Outrage Review Censored

2008-05-08 (Limited release)

According to an article written for IndieWire last week by Eugene Hernandez, National Public Radio in effect censored Nathan Lee’s review of Outrage, Kirby Dick’s documentary about purportedly closeted gay conservative politicians. Hernandez writes:

Citing a policy of protecting the privacy of public figures, an NPR superior cut the names of current Florida governor Charlie Crist and former Senator Larry Craig from the review after writer Nathan Lee and his assigning editor at NPR had agreed on the text of the piece. However, a photo of Larry Craig accompanies the review and says that the former Senator is a subject of the documentary. It also hints strongly at the inclusion of Crist in the doc.

For all those who haven’t seen it, Outrage opens ominously with text on the screen that claims a “brilliantly orchestrated conspiracy” exists in America that keeps the identity of gay politicians a secret from the public at large, no matter how many people inside the Beltway are fully aware of it. At first blush, it’s a rather overblown statement, that Dick might strive mightily to prove throughout the film, but never quite achieves.

What Dick does achieve is more than most journalists have: getting a number of sources (named and anonymous) to go on film describing exactly how they know that politicians from Crist to Craig and others, as well as one right-wing media star, are gay. Outrage also contains a sincerely righteous fury, born from the fact that most all the politicians Dick is accusing of being closeted here just so happen to be conservatives who righteously legislate against gay rights whenever possible.

Some would term that gossip. Others, though, might call that a news story.

So NPR’s concern about “trying to respect the privacy of public figures and of not airing or publishing rumors, allegations and reports about their private lives unless there is a compelling reason to do so” (as an executive director told Hernandez) doesn’t quite hold true.

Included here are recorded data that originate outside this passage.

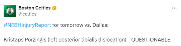 今日,凯尔特人和独行侠两队都积极备战总决赛第五场,波尔津吉斯参加训练并且被列为出战成疑,期间波津疑似模仿塔图姆投篮一幕引热议,美媒Basketball Forever调侃:他取笑塔图姆的投篮姿势(笑哭表情)。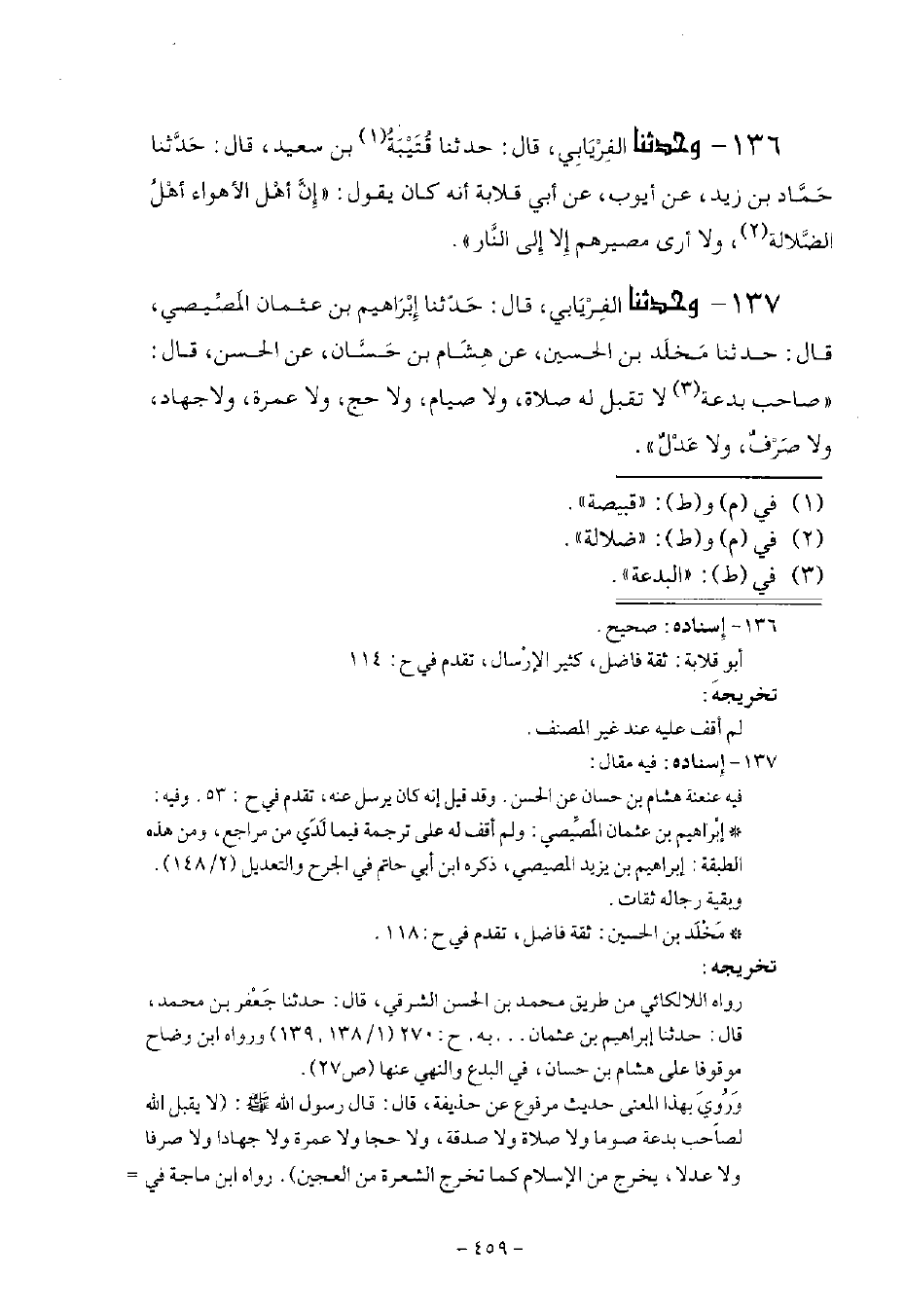 وَحَدَّثَنَا الْفِرْيَابِيُّ قَالَ: حَدَّثَنَا إِبْرَاهِيمُ بنُ عُثْمَانَ الْمِصِّيصِيُّ قَالَ: حَدَّثَنَا مَخْلَدُ بْنُ الْحُسَيْنِ، عَنْ هِشَامِ بْنِ حَسَّانَ، عَنِ الْحَسَنِ قَالَ: §صَاحِبُ الْبِدْعَةِ لَا تُقْبَلُ لَهُ صَلَاةٌ وَلَا صِيَامٌ وَلَا حَجٌّ وَلَا عُمْرَةٌ وَلَا جِهَادٌ، وَلَا صَرْفٌ وَلَا عَدْلٌ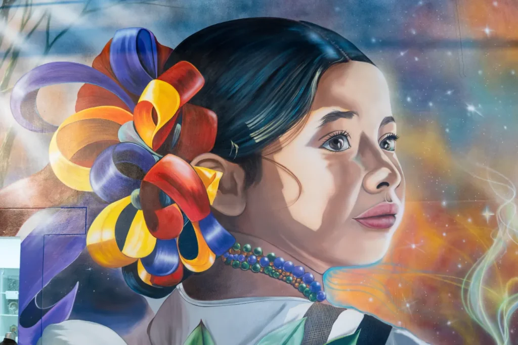 El mural muestra a una niña campesina en gran formato que representa la sencillez y la nobleza, valores esenciales que hacen parte de la identidad cultural.

One could argue that simply repeating rumors about politicians’ sexual orientation does not have journalistic relevance.

But when those politicians’ sexual orientation is being reported on in the context of reviewing a documentary about that subject, the documentary has amassed multiple sources for its claims (more than mainstream newspapers often use for juicy stories, it must be said), and those politicians consistently vote in a way viewed by many as homophobic, claiming there is “no compelling reason” doesn’t hold water. What it does do, in fact, is give those people who believe there is a media conspiracy hiding gay conservative politicians in plain sight, proof that they’re right.